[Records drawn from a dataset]
--- --- ---

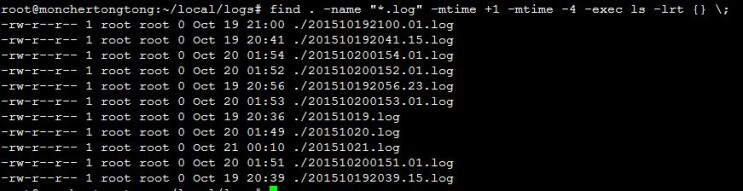 # find -name "*.log" -mtime +1 -mtime -4 -exec ls -lrt {} \;
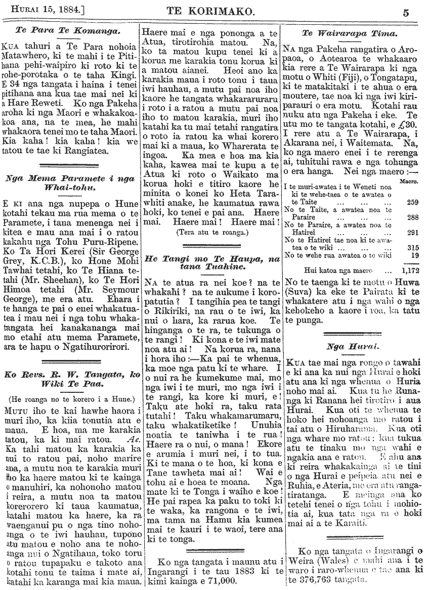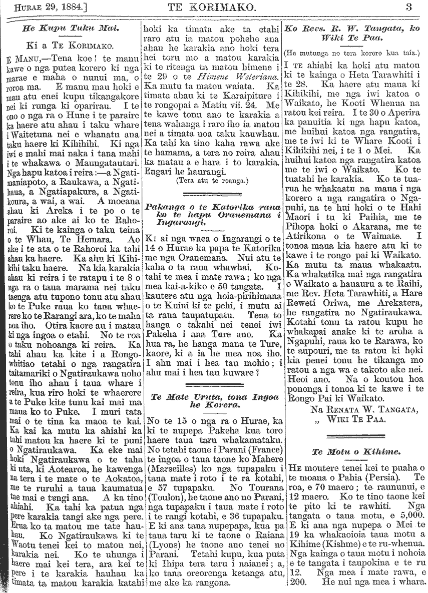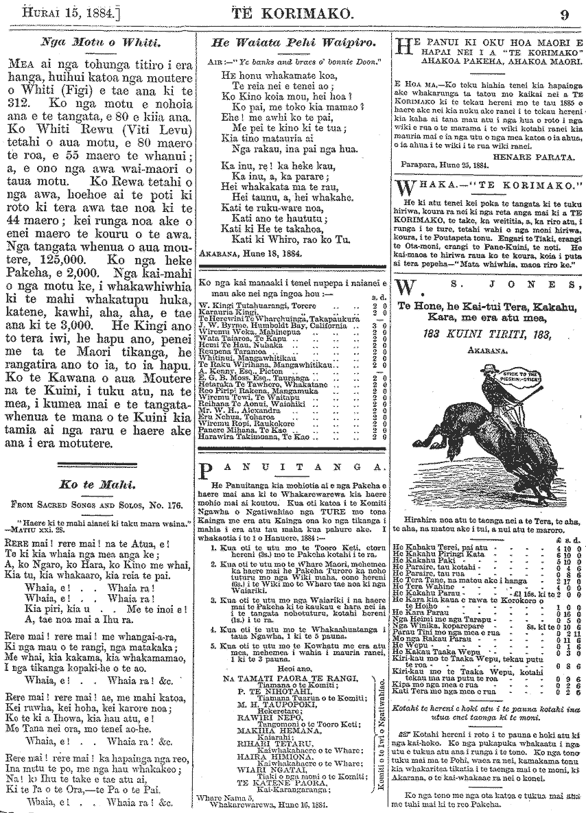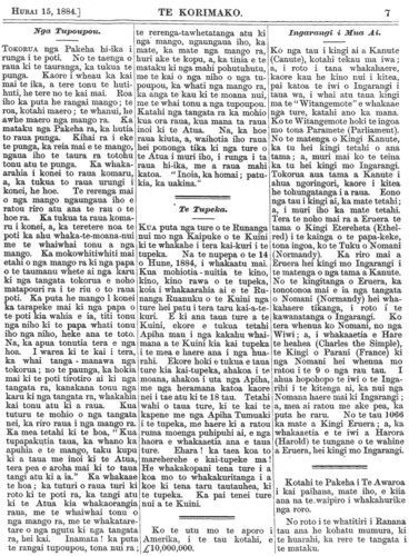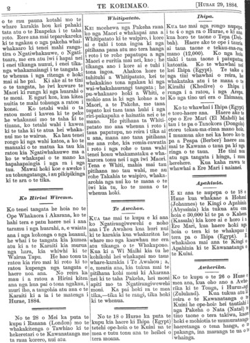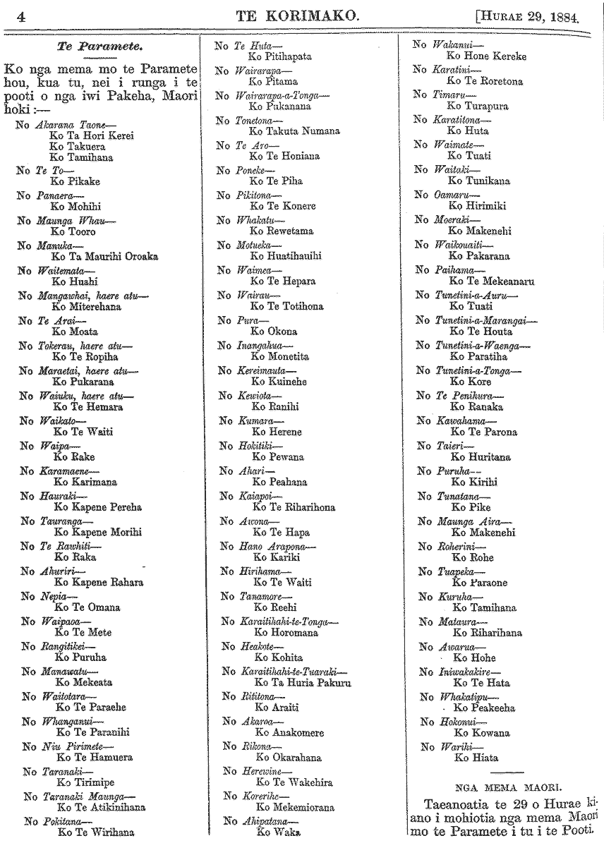 Te Korimako 1882-1890: Volume 0, Number 29. 15 July 1884 |
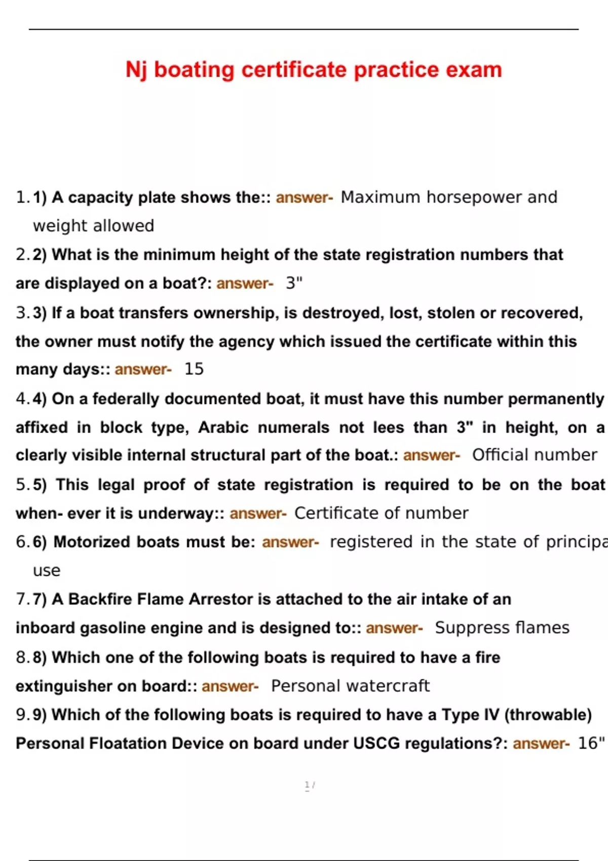 Nj boating certificate practice exam QUESTIONS & ANSWERS 2024 ( A+ GRADED 100% VERIFIED)
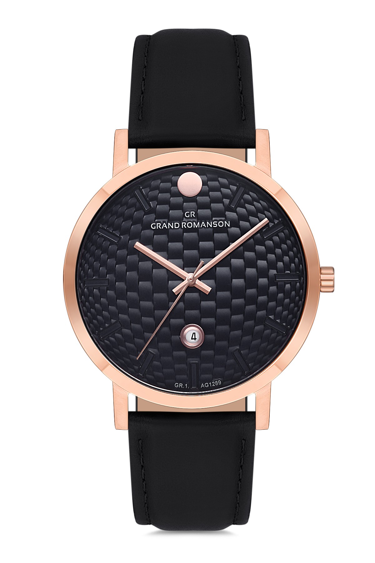 Erkek - Takvi̇mli̇ - Rose - Si̇yah - Doğal Deri̇ Kordon - Si̇yah - 3 Atm - Sertleşti̇ri̇lmi̇ş Mi̇neral Cam - Grand Romanson - 42
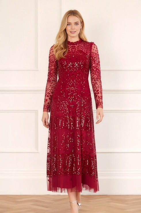 NEEDLE & THREAD EXCLUSIVE. The Aurora Ballerina Dress in Cherry Red. This light-catching ankle-length dress is decorated with red shimmering sequins, and was inspired by a vintage lace tablecloth. The Aurora Ballerina is a long-sleeve dress with pretty floral elements, and a flattering silhouette. There is delicate frill lace detailing around the neck and arm for further intrigue. Style yours with an on-trend hair ribbon for the perfect look.
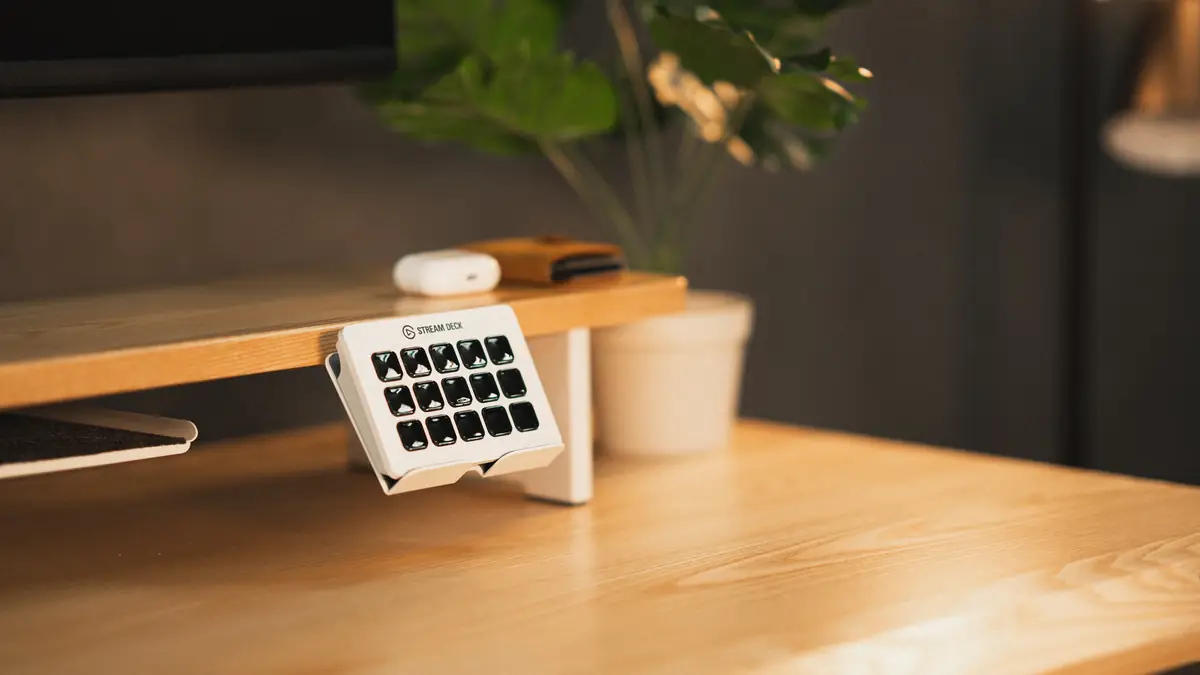 耐荷重は500g。サイズが合うガジェットであれば安定しておくことができるほか、ボタン1発でアプリを起動したり、様々なカスタムができる「StreamDeck」はジャストフィットする模様。

--- --- ---

> **PROBLEM**
The answer is every line of the data, exactly as written, with the pictures dropped.

> **OUTPUT OF THE TASK**
 # find -name "*.log" -mtime +1 -mtime -4 -exec ls -lrt {} \;
 Te Korimako 1882-1890: Volume 0, Number 29. 15 July 1884 |
 Nj boating certificate practice exam QUESTIONS & ANSWERS 2024 ( A+ GRADED 100% VERIFIED)
 Erkek - Takvi̇mli̇ - Rose - Si̇yah - Doğal Deri̇ Kordon - Si̇yah - 3 Atm - Sertleşti̇ri̇lmi̇ş Mi̇neral Cam - Grand Romanson - 42
 NEEDLE & THREAD EXCLUSIVE. The Aurora Ballerina Dress in Cherry Red. This light-catching ankle-length dress is decorated with red shimmering sequins, and was inspired by a vintage lace tablecloth. The Aurora Ballerina is a long-sleeve dress with pretty floral elements, and a flattering silhouette. There is delicate frill lace detailing around the neck and arm for further intrigue. Style yours with an on-trend hair ribbon for the perfect look.
 耐荷重は500g。サイズが合うガジェットであれば安定しておくことができるほか、ボタン1発でアプリを起動したり、様々なカスタムができる「StreamDeck」はジャストフィットする模様。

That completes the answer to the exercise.